Madrid is not only one of the five cities with the most trees and green areas in Europe according to the European Environment Agency, but the FAO has been doing it for six years recognizing it as “Tree City of the World”. And yet, it is at the bottom of the continent in ‘useful cup’ (with only 9.4%). It has many trees, but they are useless.
And that, far from being a Madrid curiosity, is the best possible summary of the great Spanish problem with urban trees.
What happens to the trees? The short explanation is that they are the cheapest cooling tool available. It’s not a secret. However, the lesson we need to learn is not a crude “we need more trees.” That is what explains the ‘contradiction’ of Madrid.
We need more trees, yes. But we need trees of the right species, covering the right layers, planted where they are needed and provide more, and well watered. That is, we need a comprehensive plan that stops seeing trees as inconveniences and begins to see them as opportunities.
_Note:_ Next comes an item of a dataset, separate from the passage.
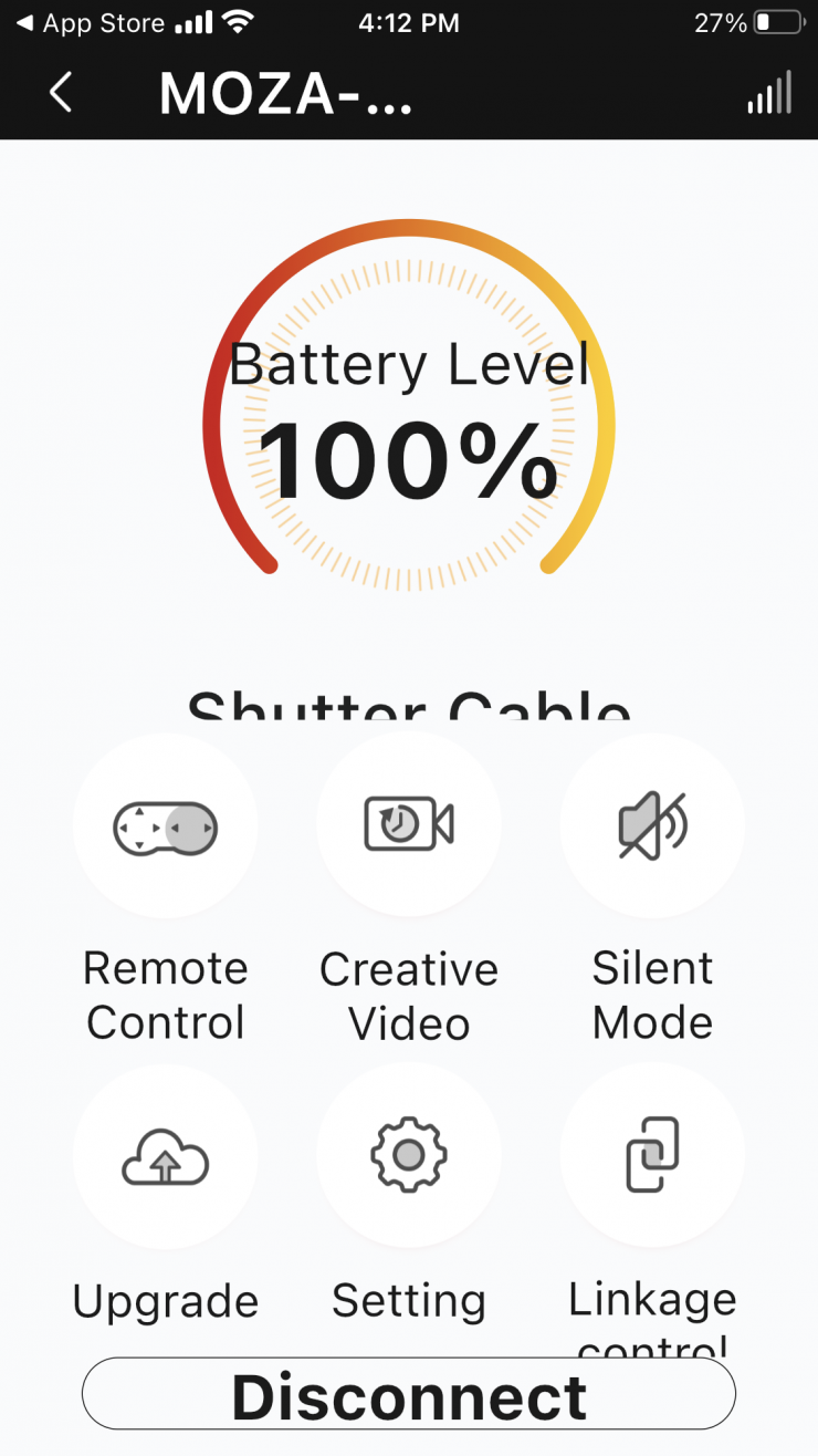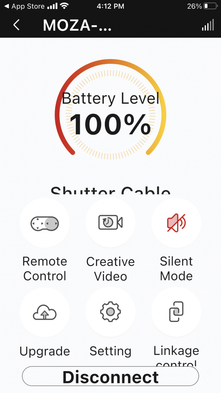 The app is pretty straightforward and easy to use. Once you turn on the Slypod Pro and launch the MOZA Master App you will see the device and you just hit connect. You are then greeted by the main menu.
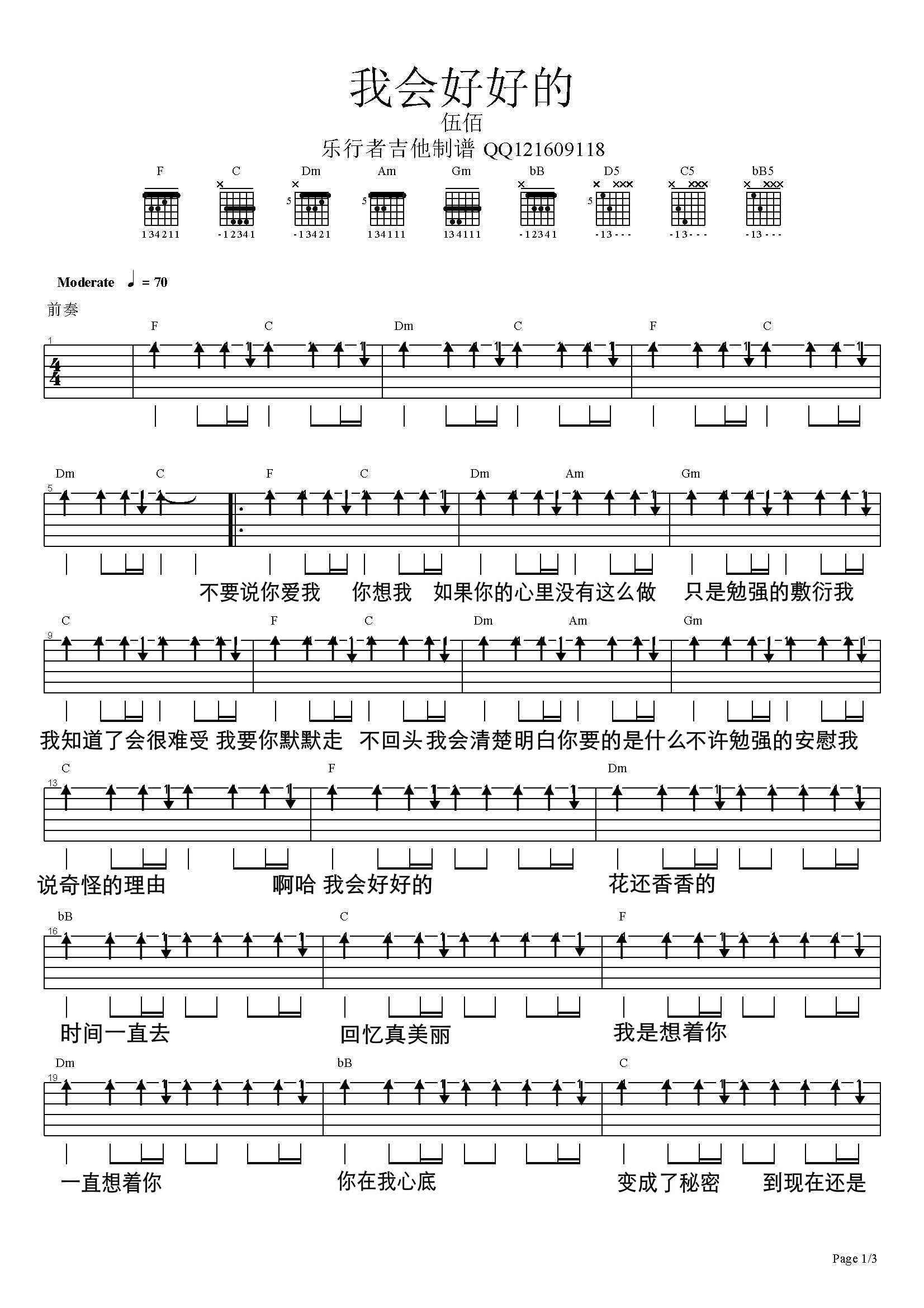 我会好好的伍佰演唱C调,经典老歌。我会好的,高清弹唱图片谱,上传推荐。一首非常适合吉他弹唱的歌曲,柔和平静的旋律,走心的歌词,唱出了许多人的心声,动听的歌声打动了无数人,愿我们在歌声里有不一样的青春,成为对方生命中最重要的主角。民谣有三:姑娘,吉他,南北方。听

How do we know all this? The work of Mohammad A. Rahman, Senior Lecturer in Urban Horticulture at the University of Melbourne It is very useful to study how they really work the trees. The results are contradictory, but very interesting.
According to their work, for example, the trees in Melbourne (a city with a temperate climate) reduce the radiant heat absorbed by pedestrians by up to 18 degrees compared to an open street with the same characteristics. In the cold climate of Munich, layered vegetation (the combination of trees, shrubs and ground cover) reduces heat stress in summer by up to 8 degrees.
In Hong Kong, on the other hand, where the climate is subtropical and humid, dense vegetation increases the humidity of the environment and limits cooling. That is why researchers are beginning to agree that, even maximizing the use of trees, it is difficult for trees cut more than 20% of future urban warming.
But be careful, 20% is a lot. Above all, because Spain has a lot to do. According to ISGlobalthe Spanish cities are at the bottom in canopy coverage on urban land: 5.5% in Seville, 8.4% in Barcelona or 9.4% in Madrid compared to 33.3% in Berlin or 23.3% in Frankfurt.
To give us an idea, the average of the 93 cities was 11% and only Athens (with 3%) was below Seville.
We need to take this seriously. Historically, Spain has bad care of its urban trees. And that “evil” can be summarized in very few words (“few resources, bad management and political decisions isolated from any current technical knowledge”), but it has a very difficult solution.
Fundamentally because all this evidence translates into “planting more trees is cheap and saves lives”; but its implementation systematically fails.